Last year, the Journal of the American Dietetic Association published a series of short articles written by leading nutrition experts that summarized what they called “The Great Fat Debate” (Zelman, 2011). Overall, the debate provided these key recommendations and findings:

  • It is not the amount of fat intake, but rather the type of fat that is important for health. With that said, fat is more calorically dense than carbohydrates and proteins, and consumers should be careful to balance calories consumed with calories expended.
  • The evidence against saturated fat is “not as strong as the dietary guidelines may have interpreted,” but polyunsaturated (especially) and monounsaturated fats are clearly healthy.
  • Saturated fats should not be viewed as “good for you,” but a healthy, balanced diet can include saturated fats.
  • Replacing saturated fat with polyunsaturated fat (like omega-3 and omega-6 fatty acids) is beneficial for overall health and cardiovascular disease-risk reduction.
  • Trans fats are unhealthy and should be avoided.
  • Remember that dietary fats are never purely one type of fat, and thus the goal should be to eat a balance of food types, rather than focus on specific nutrients.

So what does all of this mean in the case for (or against) coconut oil? Virgin coconut oil may exert a modestly beneficial effect on blood lipids (through elevation of HDL cholesterol) and its regular consumption probably will not lead to harmful cardiovascular health outcomes. However, oils that are high in polyunsaturated fatty acids (e.g., safflower, poppyseed, flaxseed and grapeseed oils) and monounsaturated fatty acids (almond, avocado and olive oils) probably provide greater health benefits.

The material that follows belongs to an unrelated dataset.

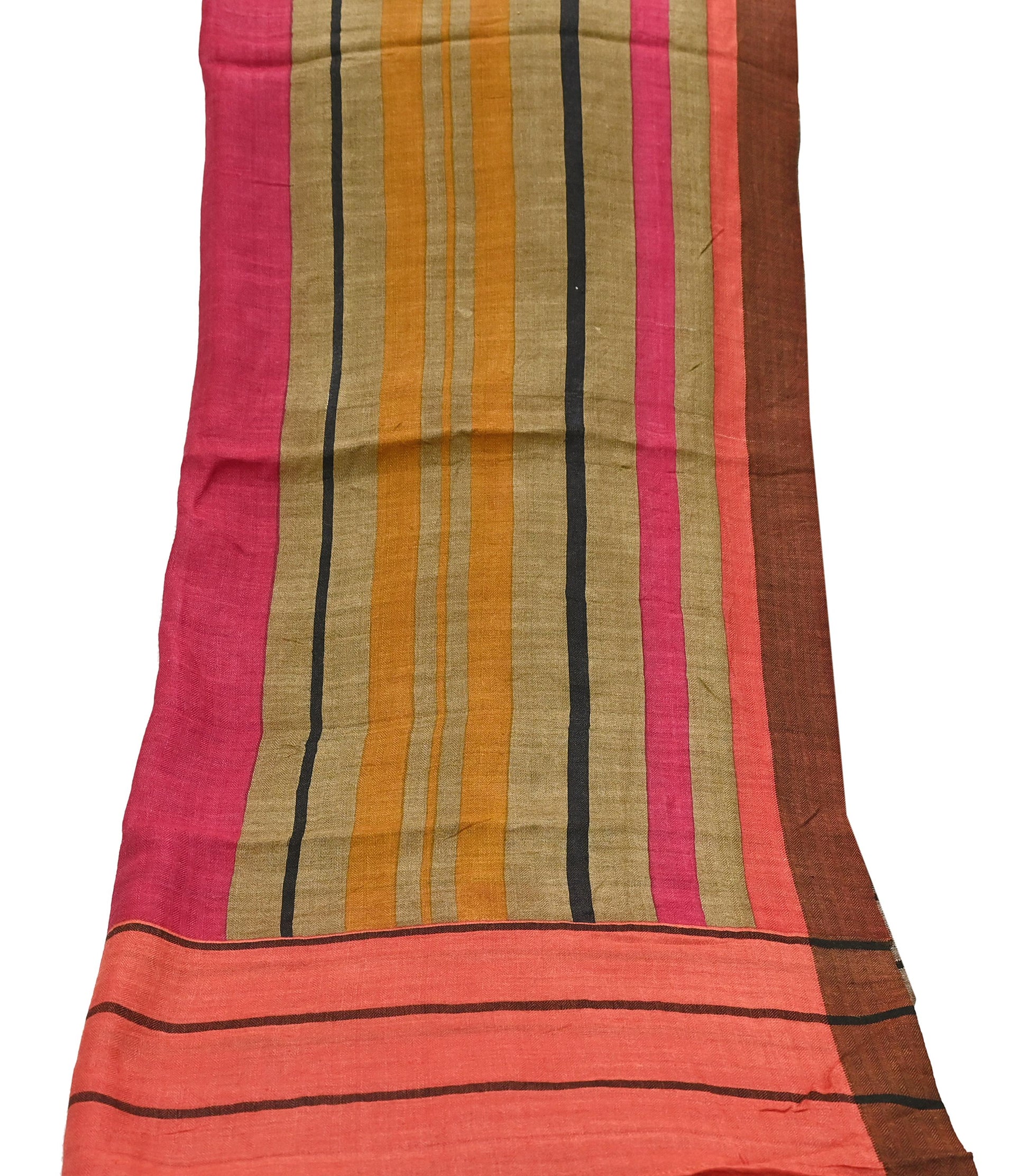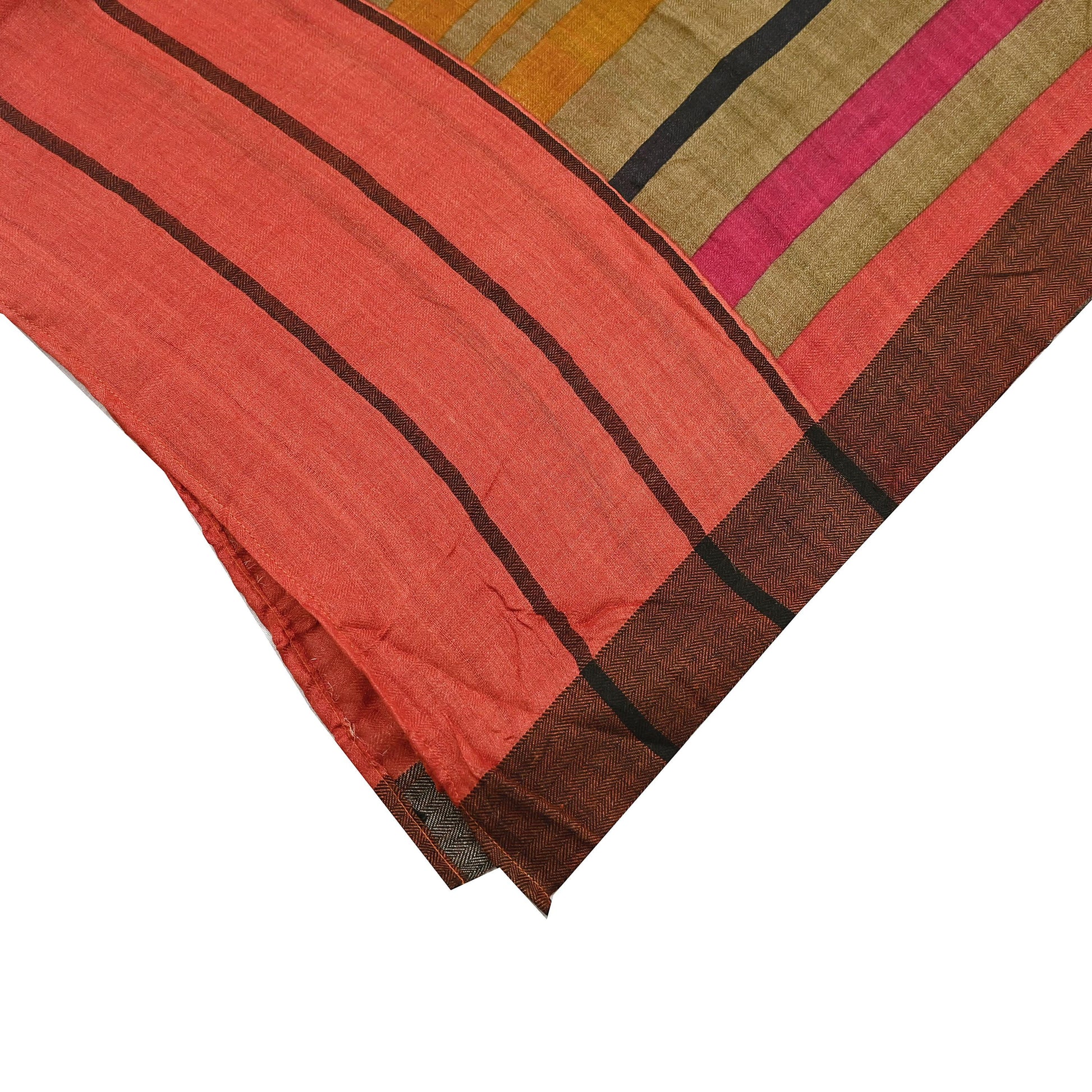 A beautiful vintage pure woolen long scarf/dupatta in Multi with printed Stripes and stripe designs, finished with a classic zigzag woven border. The dupatta is enhanced with matching Peach fringes for a traditional touch.

Note that partially hydrogenated coconut oil is detrimental to health due to its high trans-fatty acid content.

Coconut Oil and Its Many Uses

Of course, coconut-oil connoisseurs love it for much more than its health profile. While some mono- and polyunsaturated fats may be healthier, they do not have the same desirable cooking characteristics of coconut oil, such as the stability to withstand high temperatures, the sweet texture or the rich taste, all of which make it ideal for cooking. 

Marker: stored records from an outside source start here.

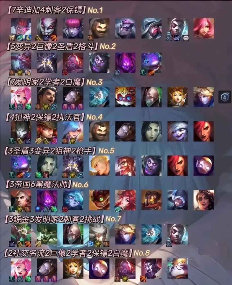 阵容组成:核心英雄:布里茨、布隆、丽桑卓、悠米、厄运小姐、奥丽安娜、塔里克、迦娜、烬。羁绊搭配:2保镖、2学者、3白魔法师、2狙神、2精密发条、2极客、1社交名流、1猫猫。核心打法:前排坦度与回复:保镖与白魔法师羁绊提供前排坦度和可观的回复效果,为厄运小姐与烬创造良好的输出环境。
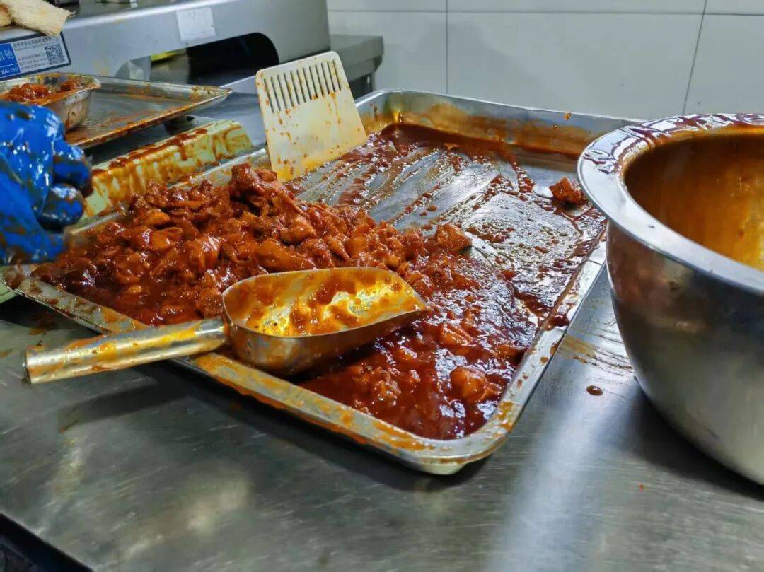 在生产区,几名厨师正在大铁锅前搅拌卤汤,锅里是大块牛肉和牛骨。分装区域,有员工手动将炒好的鸡肉称重装盘,鸡肉看起来有些过于粘稠。
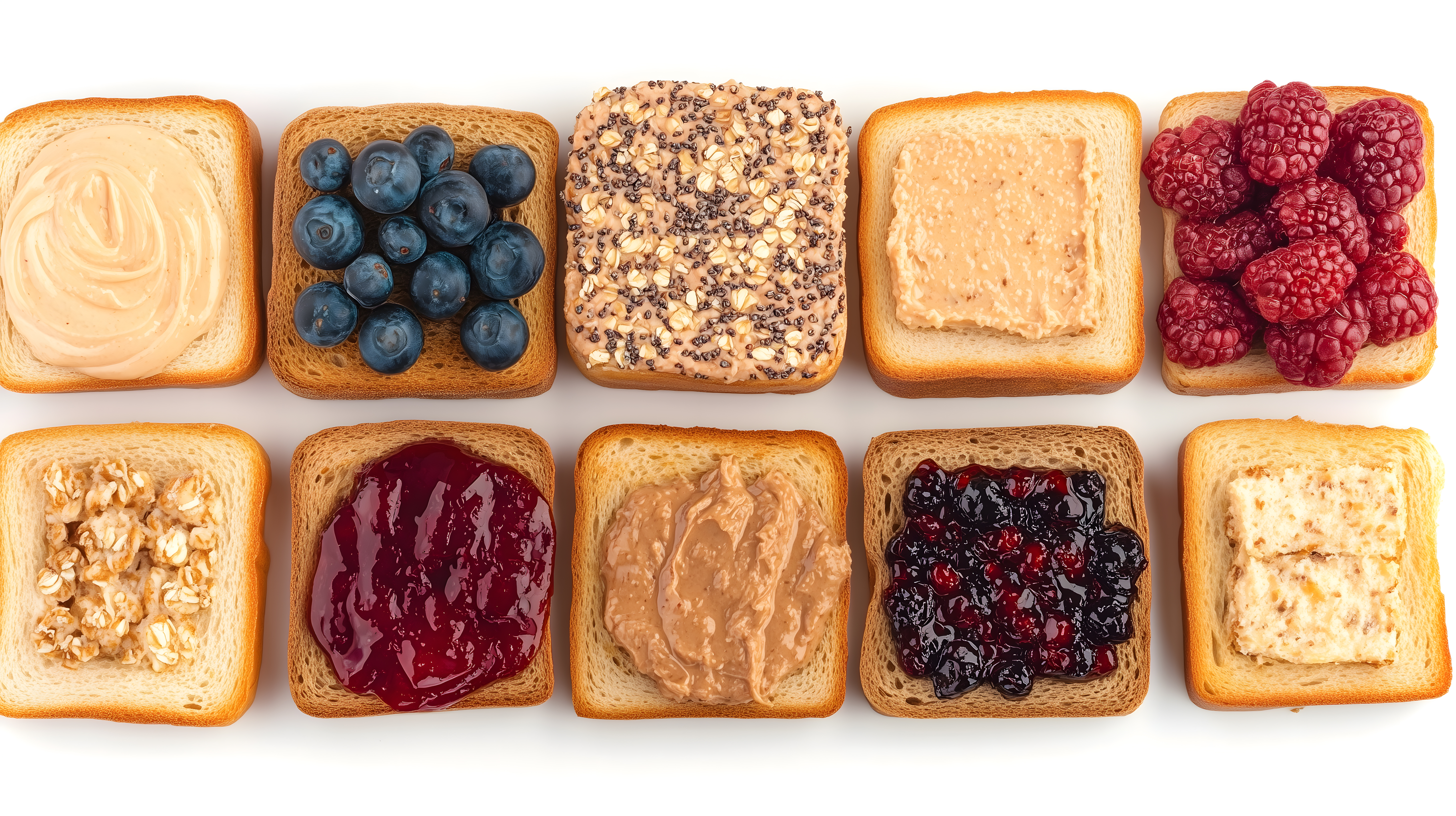 Dieses farbenprächtige Foto zeigt eine Vielzahl an Toast-Scheiben, die mit verschiedensten Aufstrichen und Zutaten belegt sind. Im Mittelpunkt stehen Toastscheiben, die mit Erdnussbutter, Marmelade, Blaubeeren, Himbeeren und anderen leckeren Toppings versehen sind. Die Anordnung in Reih und Glied verleiht dem Bild eine appetitliche, geordnete Optik. Die Kombination aus Weiß, Orange, Rot und Blau schafft einen frischen, fröhlichen Gesamteindruck. Dieses hochauflösende Foto eignet sich hervorragend als Titelbild für Rezeptsammlungen, Kochbücher oder Artikel rund um gesunde Ernährung und leckere Frühstücksideen. Als kostenloses Stockfoto unter Creative Commons-Lizenz ist es vielseitig einsetzbar, etwa für Blogs, Social-Media-Posts oder Werbematerialien.
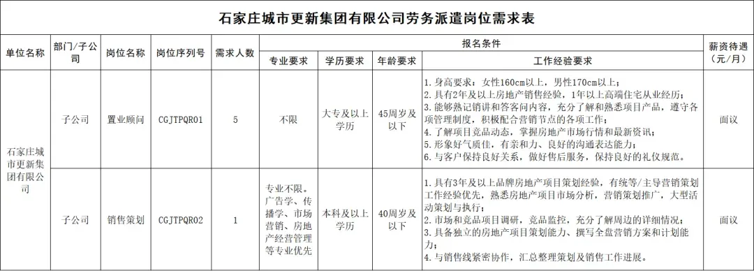 石家庄城市更新集团有限公司劳务派遣制人员招聘6人公告
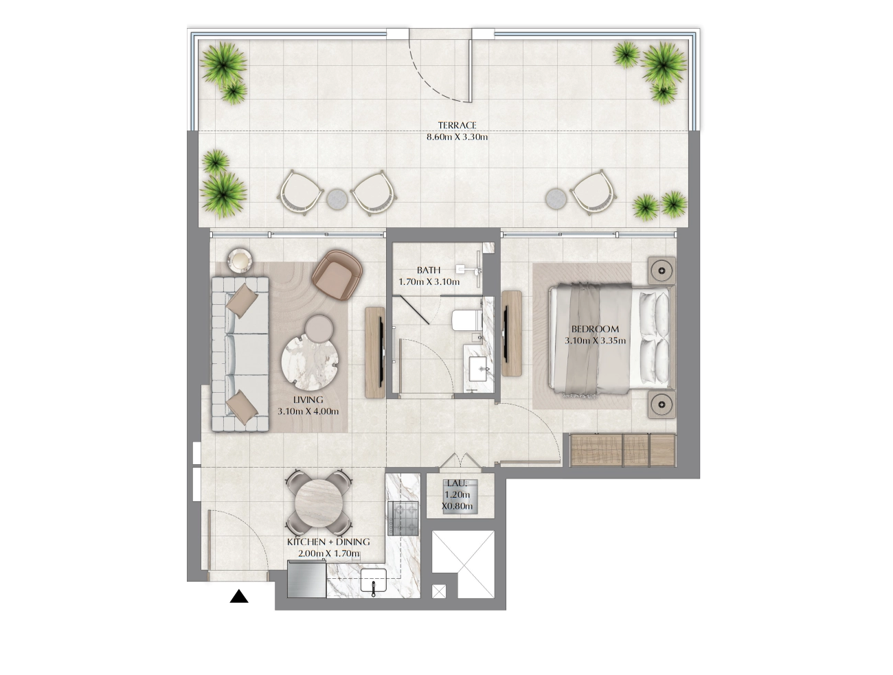 Vorteile: Das Schlafzimmer ist vom Wohnbereich getrennt, wodurch Privatsphäre und ein ruhiger Rückzugsort gewährleistet sind. Die offene Gestaltung zwischen Wohnzimmer und Küchen-/Essbereich schafft ein Gefühl von Geräumigkeit und ermöglicht eine flexible Möblierung. Die Terrasse sorgt für hervorragende natürliche Lichtverhältnisse und Belüftung, wodurch die gesamte Wohnung hell und luftig wirkt.
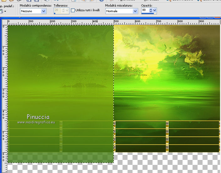e riempi la selezione con il gradiente (opacità sempre a 80).
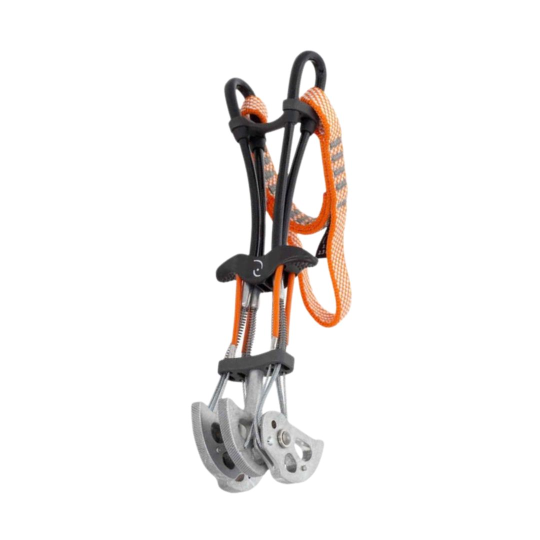 Double. Souvent de taille plus grande que ceux à tige unique, ils ont donc également des dimensions encombrantes lorsqu'ils sont attachés au baudrier. En contrepartie, ils sont capables de mieux dissiper l'énergie cinétique de la chute en la déchargeant sur les deux axes de rotation des cames. Leur véritable point fort réside cependant dans leur résistance accrue aux abrasions contre la roche, garantissant ainsi une plus grande durabilité dans le temps.

While many of the purported benefits of coconut oil have not been rigorously studied, some people report improvements in weight, diabetes, chronic fatigue, Crohns disease, irritable bowel syndrome, thyroid conditions and skin health. As research evolves, these claims may be substantiated or proven incorrect.

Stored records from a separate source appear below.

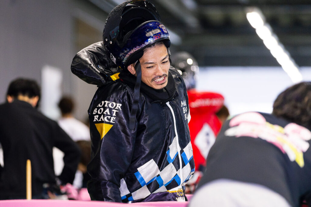 山崎郡が唇を噛む。やはり、この敗退はあまりに無念だ。予選トップ通過の1号艇。赤岩善生が6号艇で前付けに動くことはわかっていた。しかし、柴田光が抵抗するのではなく、コースを自ら奪いに来るのは想定外だったか。スタート勘を逸して後手を踏み、渡辺浩司の4コースまくりを許しての大敗。12R発売中になってもまだ、山崎の表情はこわばっているように見えていて、この痛恨の大きさが胸を鷲掴みにされるほど伝わってきたのだった。
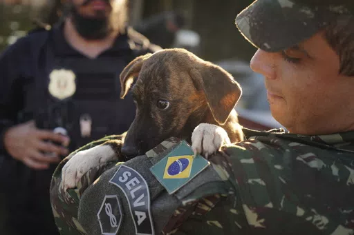CANOAS, Brazil (AP) — Hundreds of volunteers have set up a makeshift dog shelter in an abandoned, roofless warehouse in the city of Canoas, one of the hardest hit by floods in southern Brazil's Rio Grande do Sul state.
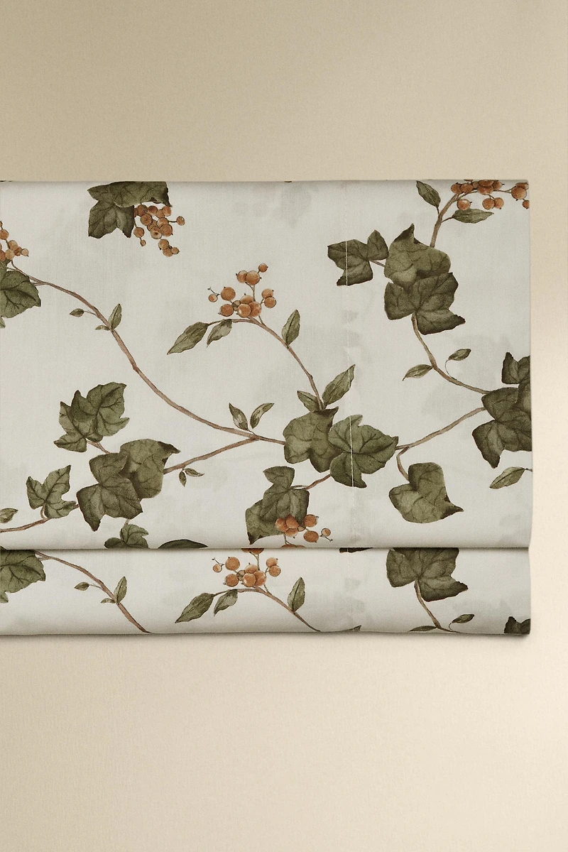 Flat sheet in 200-thread-count cotton percale with a leaf print.
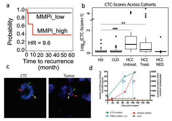 IM CTC isolation provides minimally invasive cancer cell samples for downstream sequencing, enabling longitudinal follow-up studies to monitor disease progression. Data from CTC sequencing depicts mutational profiles that can be aggregated into different scores predictive of patient recovery. Lim et al. passed ClearCell FX-enriched CTCs through a second microfluidic device that separated cells for single-cell sequencing [31]. Analyzing single-cell CTC sequences from non-small-cell lung cancer (NSCLC) patients revealed an improved prognosis of recurrence-free survival (RFS) based on the identification of matrix metalloproteases (MMP) mutations and summarized with the MMP index (MMPi) (Figure 3a). The model led to a 30% reduction in scoring variability and improved stratification of RFS outcomes compared to the existing tumor matrisome index. Miyamoto et al. employed droplet digital polymerase chain reaction (ddPCR) on CTC-iChip isolated CTCs to predict patient outcomes using Androgen Receptor (AR) signal outputs [32]. Expression of AR-related genes led to the subcategorization of “high-risk” metastatic castration-resistant prostate cancer (mCRPC) patients with poor overall survival rate using a scoring system. Similarly, Rzhevskiy et al. isolated localized prostate cancer tumor cells shed into patients’ urine using a slanted spiral microchannel [33]. Subsequent analysis revealed a positive correlation between cancer cell count and both the Gleason score and blood prostate-specific antigen (PSA) levels, the two gold-standard assays for prostate cancer prognosis. Kalinich et al. used a CTC-iChip to isolate CTCs and performed whole transcriptome amplification prior to ddPCR [34]. Transcriptome amplification signals were aggregated into a single CTC score that could accurately classify individuals with active disease (Figure 3b). In addition, combining CTC score analysis with the monitoring of alpha fetoprotein (AFP) levels in serum yielded as high as 86% positive predictive value of early hepatocellular carcinoma (HCC) detection in high-risk patients, which is drastically higher than the 6% positive predictive value of AFP levels alone. A similar CTC score was developed for melanoma using 19 related genes, as determined through CTC-iChip and ddPCR processing of patient samples [35]. Patients with a decrease in score after immune checkpoint inhibition therapies also had better progression-free survival, suggesting a predictor for a disease with few universal markers. These studies illustrate how IM supports downstream sequencing, which has the clinical utility to assess patient conditions.

In the meantime, it may be time to give the illustrious coconut oil a try. 


Jakobsen, M.U. et al. (2009). Major types of dietary fat and risk of coronary heart disease: A pooled analysis of 11 cohort studies. American Journal of Clinical Nutrition, 89, 1425–1432.

Kris-Etherton, P.M. and Innis, S. (2007). Position of the American Dietetic Association and Dietitians of Canada: Dietary fatty acids. Journal of the American Dietetic Association, 107, 9, 1599–1611.

Siri-Tarino, P.W. et al. (2010). Meta-analysis of prospective cohort studies evaluating the association of saturated fat with cardiovascular disease. American Journal of Clinical Nutrition, 91, 3, 535–546.

Zelman, K. (2011). The great fat debate: A closer look at the controversy—questioning the validity of age-old dietary guidance. Journal of the American Dietetic Association, 111, 5, 655–658.


Natalie Digate Muth, M.D., M.P.H., R.D., is a pediatrics resident at UCLA Mattel Children’s Hospital. She’s also mom to two young children, Tommy (3) and Mariella (11 months).